# Magimix food processor



## ranrit (Dec 16, 2002)

I am interested in any information about the Magimix CUISINE SYSTEME 5100. It is a food processor made in France (that is what one British web site says) but it is very difficult to find any reviews of this item. Any feedback would be welcome. Thanks


----------



## mezzaluna (Aug 29, 2000)

I tried a google search. The site I found that may have a review is dooyoo.co.uk, a British site. It does have reviews, but the server was too busy when I tried a search there.


----------



## ranrit (Dec 16, 2002)

Mezzaluna,
Thank you for your reply, I was able to view the opinions for the Magimix and it has received stellar reviews. I am purchasing it now. My search engine didn't provide that website, so thanks again.


----------



## mezzaluna (Aug 29, 2000)

You're very welcome, Ranrit.

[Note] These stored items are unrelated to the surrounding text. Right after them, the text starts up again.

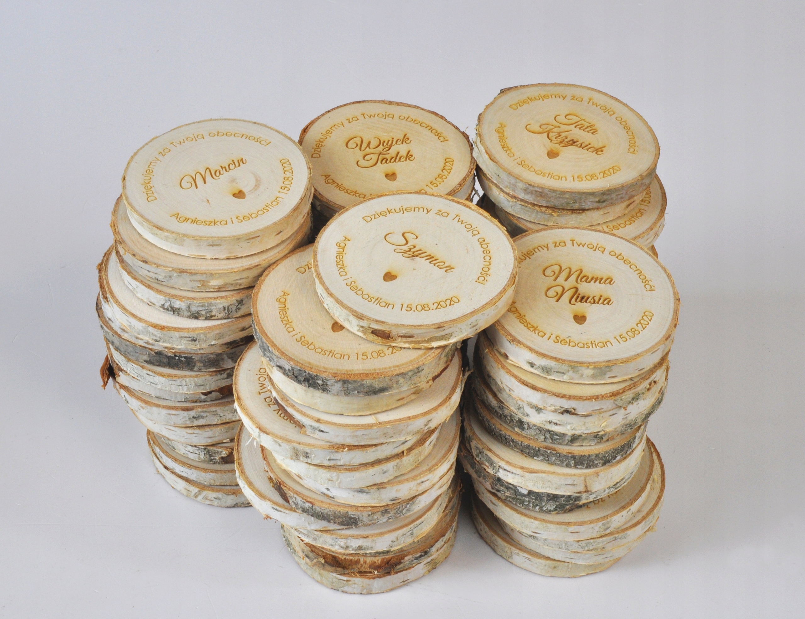 Свадебные благодарственные открытки изготовлены из березовых ломтиков толщиной 8 мм. Маркировка наносится лазером, что делает ее точной и нестираемой.
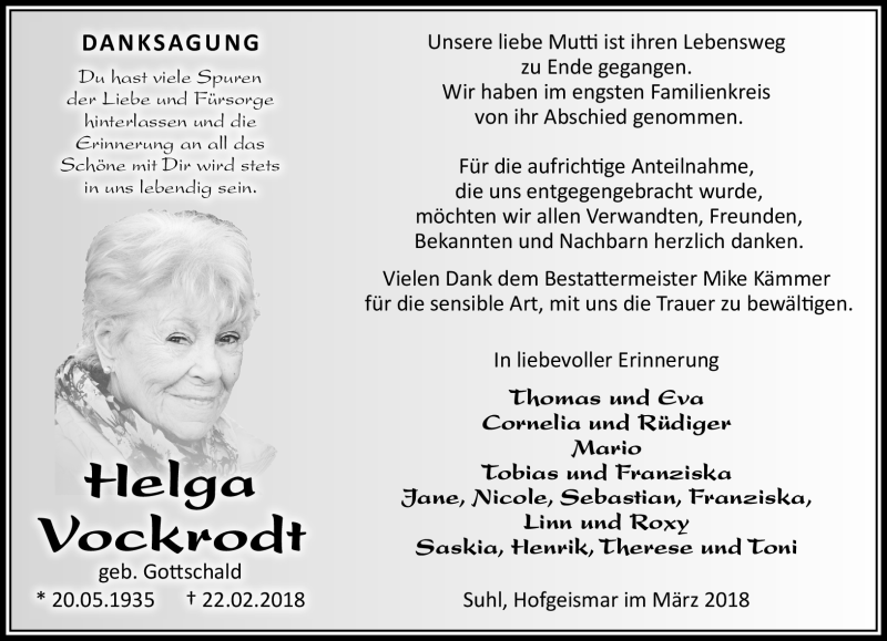 Hier finden Sie alle Traueranzeigen aus der Zeitung, die bisher für Helga Vockrodt erschienen sind. Weitere Traueranzeigen, die in der Zeitung erscheinen, werden hier ebenfalls aufgelistet
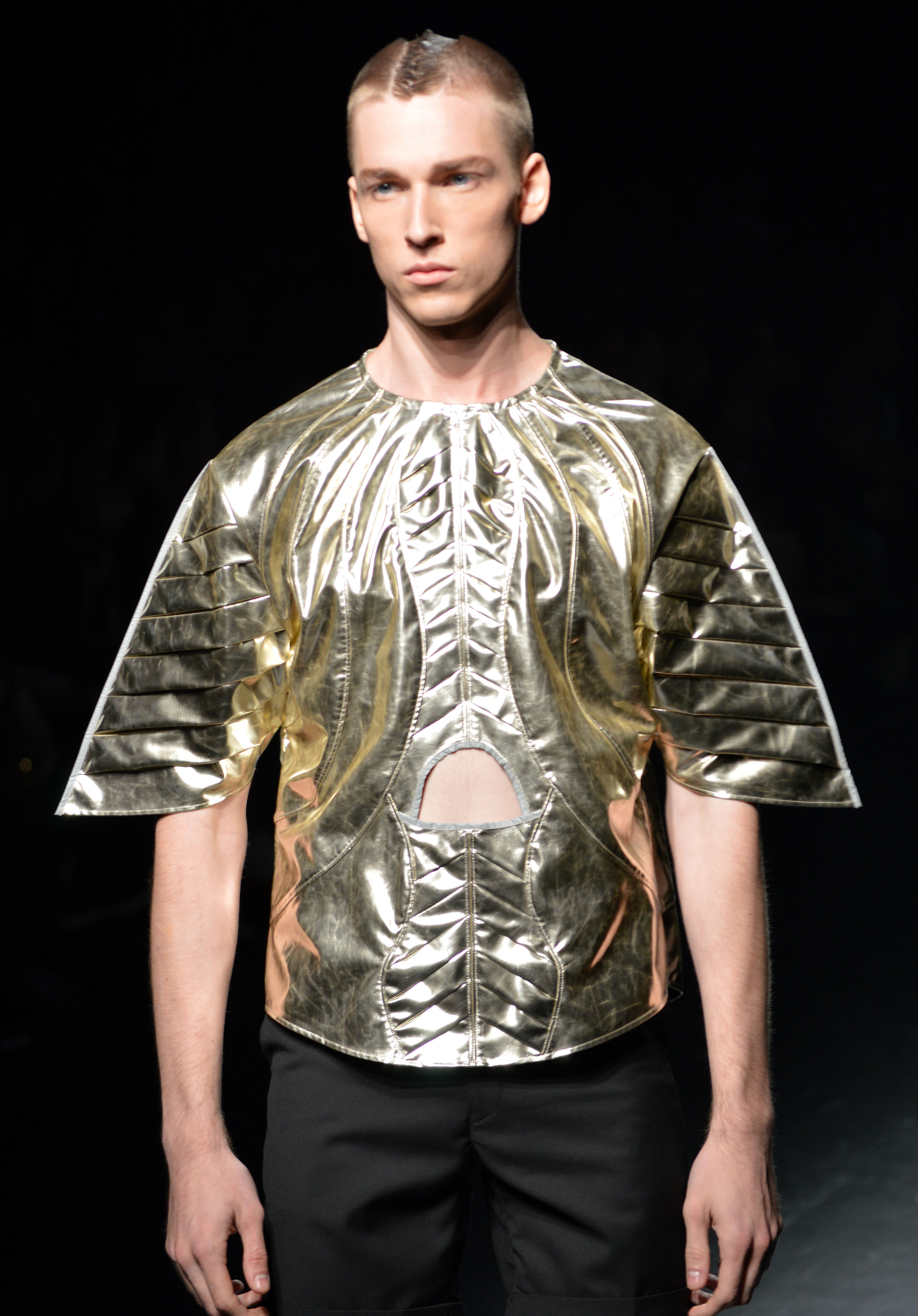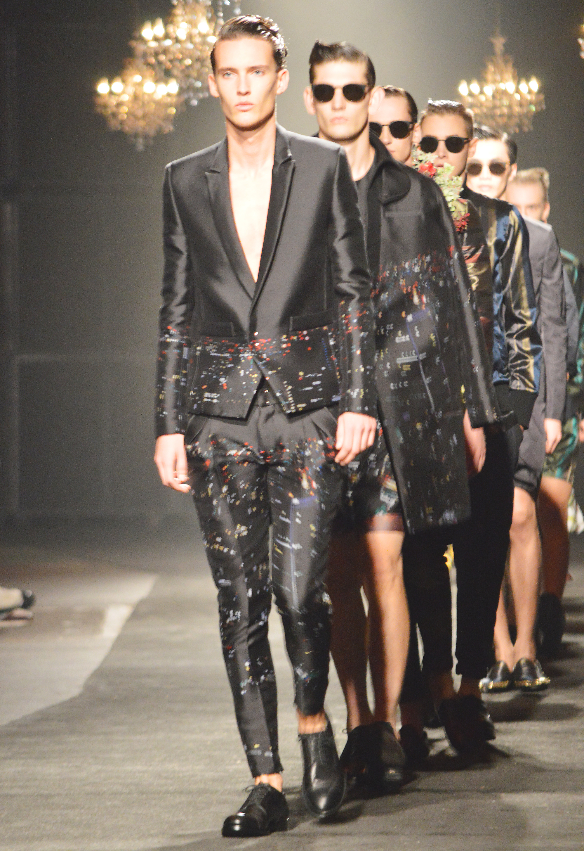 Revving up the aggression stakes was Christian Dada, who was a major talking point of the week thanks to the appearance of rock outfit Kiss at his show. Before the memorable closing, designer Masanori Morikawa delivered a razor sharp slim fit that might necessitate a strict diet, packed with references to Japan's bōsōzoku biker gangs. Dada's tattooed and rakish gang were the clear export of the week and, although his designs carried obvious Japanese references to the bōsōzoku sub-culture, the silhouette was well within the comfort zone of foreign buyers.

Let us know how you like your new machine!


----------



## ranrit (Dec 16, 2002)

My new Magimix 5100 food processor is everything I hoped it would be. Fast, powerful and quiet. Well, more quiet than my old Krups machine. Didn't take long to slice open my thumb either. Very lethel those blades! I've been playing with it since it arrived on Saturday, also invited my neighbor for a "playdate" with the Magimix. She is also going to order one. That's all for now, I am looking for something to puree.


----------